Here is my current scenario:
- a Kafka source datastream
- convert source datastream into a Table with primary key, rowtime and watermark columns
tableEnvironment.fromDataStream(
sourceKafkaDataStream,
Schema,newBuilder()
.primaryKey("id")
.columnByExpression("proctime", "PROCTIME()")
.columnByExpression("rowtime", "TO_TIMESTAMP_LTZ(eventtime, 3)")
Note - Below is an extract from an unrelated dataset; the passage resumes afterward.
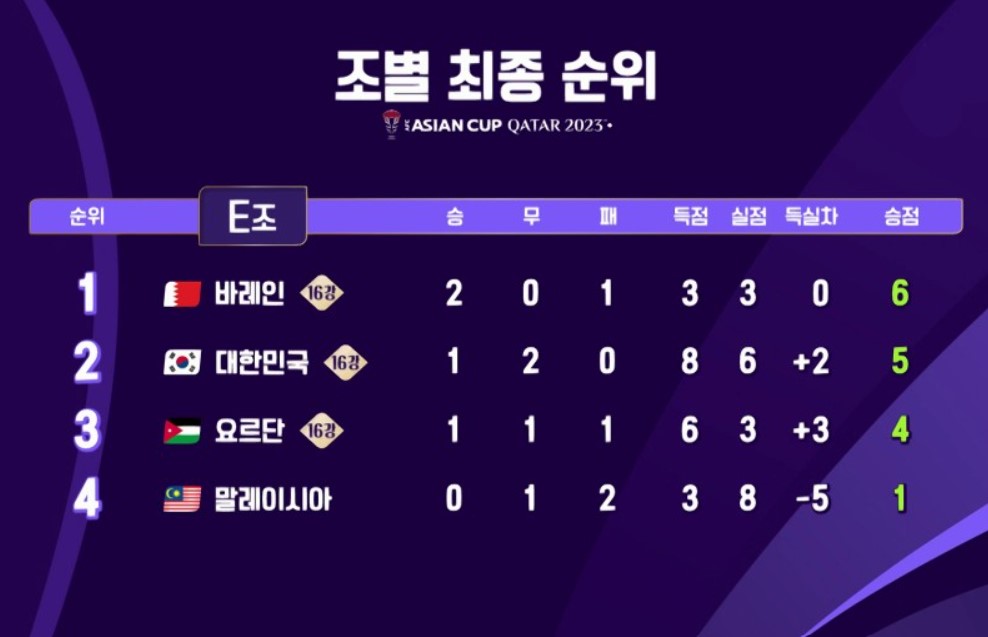 대한민국이 속했던 조별리그 E에서는 아쉬운 경기력을 펼치며 대한민국이 조2위를 차지했고, 마지막 3차전에서 바레인이 요르단을 꺾고 조1위로 16강에 진출하였습니다. 요르단도 1승1무1패 조3위로 16강에 진출했는데 16강전에서 바레인은 일본을, 요르단은 이라크를 만나게 되어 8강까지 진출할 수 있을지 눈여겨 봐야겠습니다. 16강부터는 지면 탈락하는 토너먼트 방식이기 때문에 대한민국 선수단이 최선의 경기력을 보여주기 바랍니다.

.watermark("rowtime", "rowtime - INTERVAL '60' SECOND")
.build()
)
- create multiple temporary views that extract over aggregations (distinct count) on different columns
select
id,
rowtime,
key1,
count(*) over last1hour AS cnt,
count(distinct category) over last_hour as distinct_categories
from sourceKafkaTable
window last_hour AS (
PARTITION BY key1 -- different key
ORDER BY rowtime ASC
RANGE BETWEEN INTERVAL '1' HOUR PRECEDING AND CURRENT ROW
)
select
id,
rowtime,
key2,
count(*) over last1hour AS cnt,
count(distinct category) over last_hour as distinct_categories
from sourceKafkaTable
where productId is not null
window last_hour AS (
PARTITION BY key2 -- different key
ORDER BY rowtime ASC
RANGE BETWEEN INTERVAL '1' HOUR PRECEDING AND CURRENT ROW
)
tableEnvironment.createTemporaryView("Table2", categoryOverAggregation);
tableEnvironment.createTemporaryView("Table3", productOverAggregation);
- left join over aggregation queries to merge all columns per row and sink to hdfs
select A.id, B.key1, C.key2, B.distinct_categories, C.distinct_categories
from sourceTable A
left join Table2 FOR SYSTEM_TIME AS OF A.rowtime AS B ON A.id = B.id
left join Table3 FOR SYSTEM_TIME AS OF A.rowtime AS C ON A.id = C.id
however, following error is thrown
Temporal Table Join requires primary key in versioned table, but no primary key can be found. The physical plan is:
is this the right way to join over aggregation queries from a single source table? if so, how can I define primary keys on temporary views?